Gregory Ribeiro Vasconcelos, um adolescente de 17 anos, foi morto em uma ação policial em Santos, onde também faleceu uma criança de 4 anos. Um laudo do IML revelou que Gregory levou cinco dos sete tiros nas costas, e um sobrevivente afirmou que eles não estavam armados. O jovem de 15 anos que estava com ele disse que pararam a moto e levantaram as mãos quando foram baleados. A mãe da criança também negou que houve confronto, afirmando que apenas os policiais dispararam. Gregory chegou à UPA já sem vida, e a polícia alegou que estava sob ataque de suspeitos. Moradores contestam essa versão e afirmam que não houve confronto. A Polícia Civil abriu um inquérito para investigar o caso, e os policiais envolvidos foram afastados.
O adolescente Gregory Ribeiro Vasconcelos, de 17 anos, foi morto em uma ação policial em Santos, no dia 5 de novembro de 2024. Um laudo do Instituto Médico Legal (IML) revelou que ele foi atingido por cinco tiros nas costas e um na nuca, que causou morte imediata. A ação também resultou na morte de uma criança de 4 anos e ferimentos em uma mulher de 24 anos.
Um sobrevivente, que estava com Gregory, afirmou à polícia que eles não estavam armados e que os disparos ocorreram à queima-roupa, após terem parado a moto e levantado as mãos em cumprimento a uma ordem da PM. Moradores da região contestam a versão oficial da polícia, que alegou ter sido atacada por um grupo de dez suspeitos durante um patrulhamento.
A mãe da criança atingida declarou que não houve confronto e que apenas os policiais dispararam.
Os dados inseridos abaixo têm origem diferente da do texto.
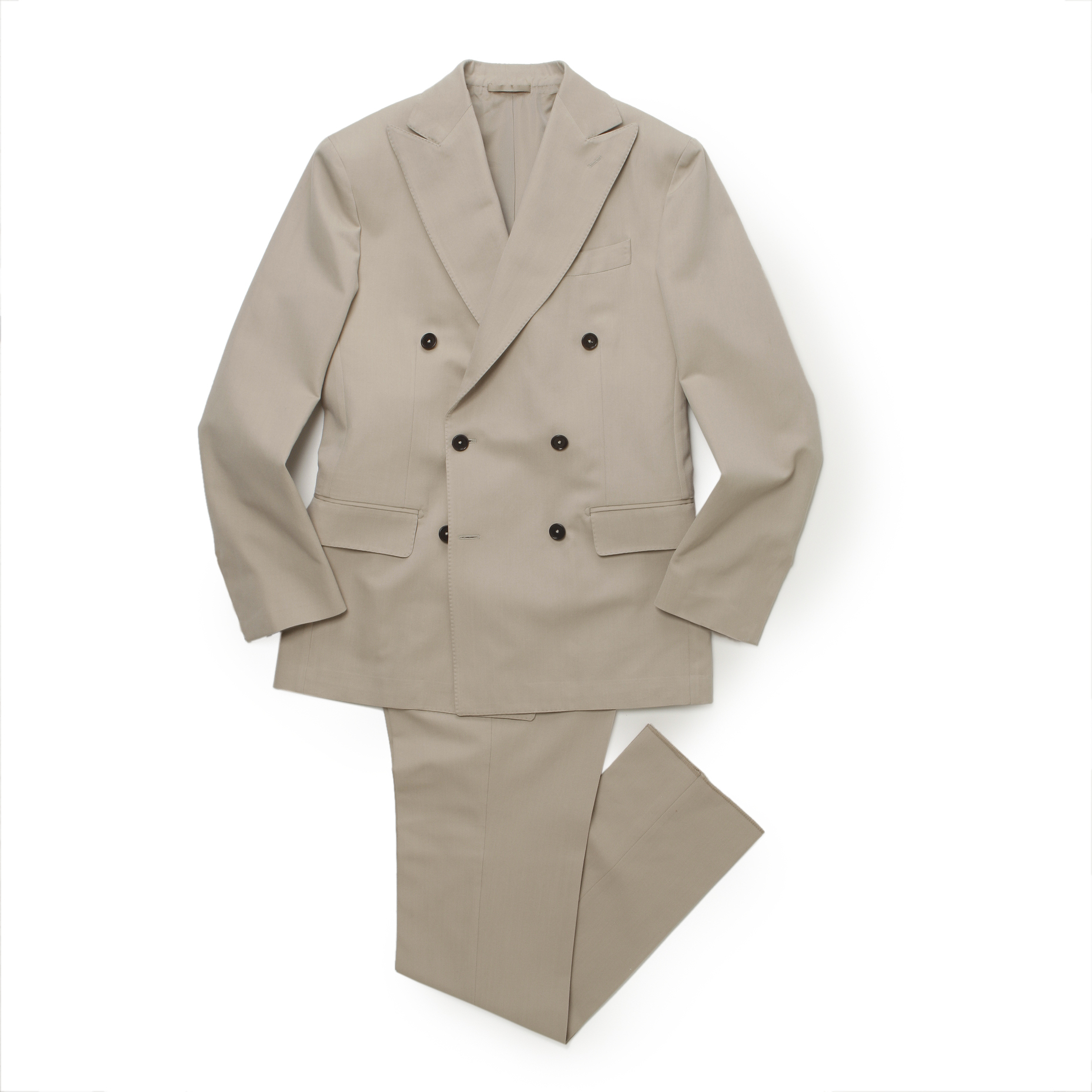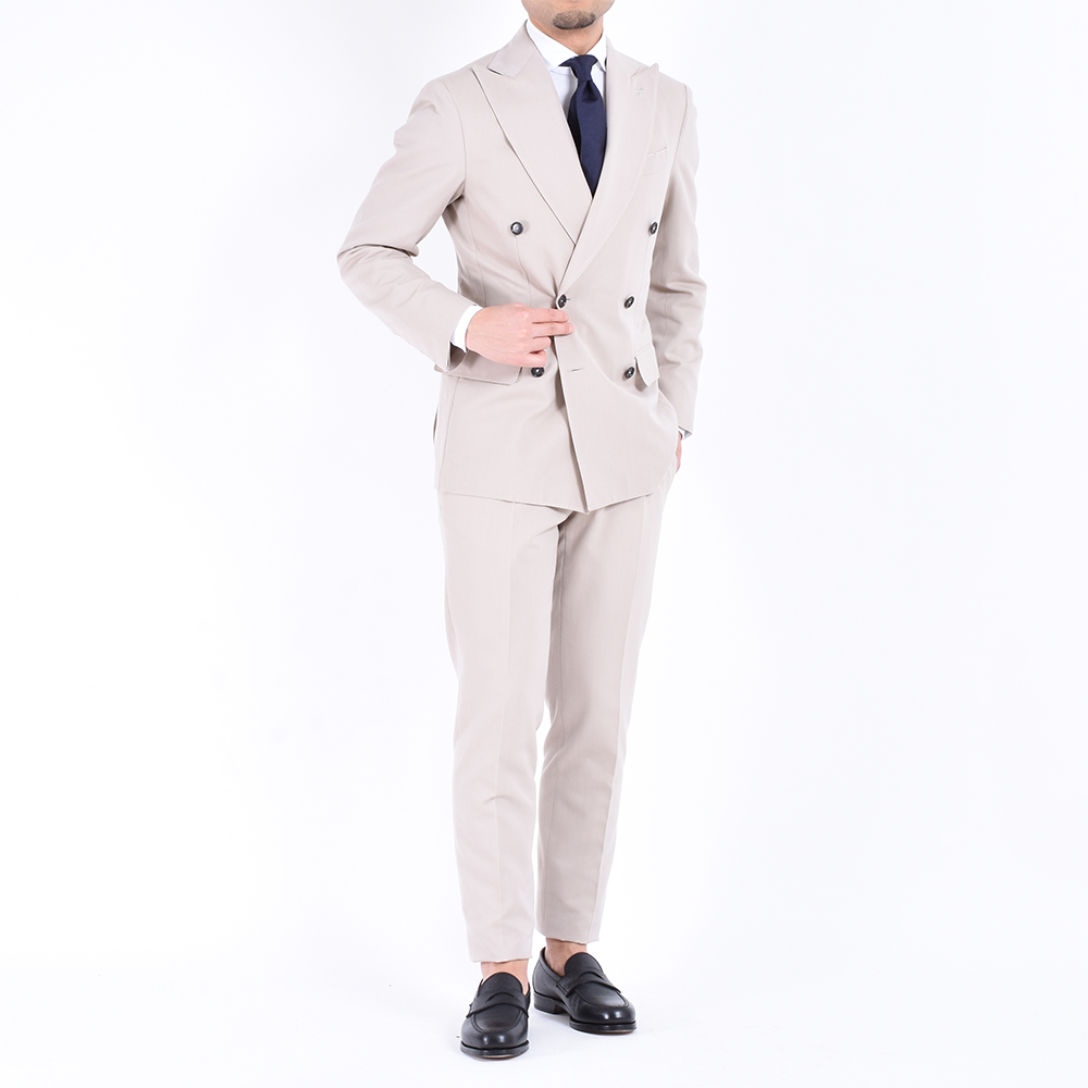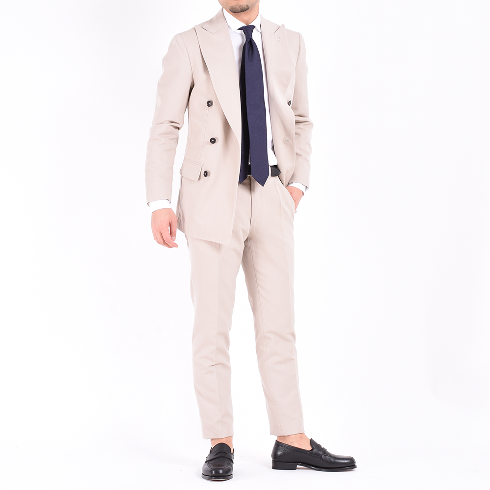 ・ジャケットのモデルはハーフキャンバス仕立て6つボタン両玉縁ポケットの"SORRENTO"です。ややワイドでほのかに丸みあるグラマラスなラペルが特徴。生地を多く使うという意味でダブルブレステッドはラグジュアリーな雰囲気を醸します。

O prontuário médico da Unidade de Pronto Atendimento (UPA) Zona Noroeste indicou que Gregory chegou ao local já sem vida há 30 minutos. O sobrevivente relatou que ouviu os policiais mencionando a morte de Gregory no local da abordagem.
Investigação em Andamento
A Polícia Civil abriu um inquérito para investigar a origem dos disparos. A Secretaria da Segurança Pública (SSP) informou que realizará perícia nas armas dos policiais envolvidos e no local onde a criança foi baleada. Sete policiais do 6º Batalhão do Interior da PM foram afastados das ruas, e a unidade ainda não implementou o uso de câmeras nas fardas.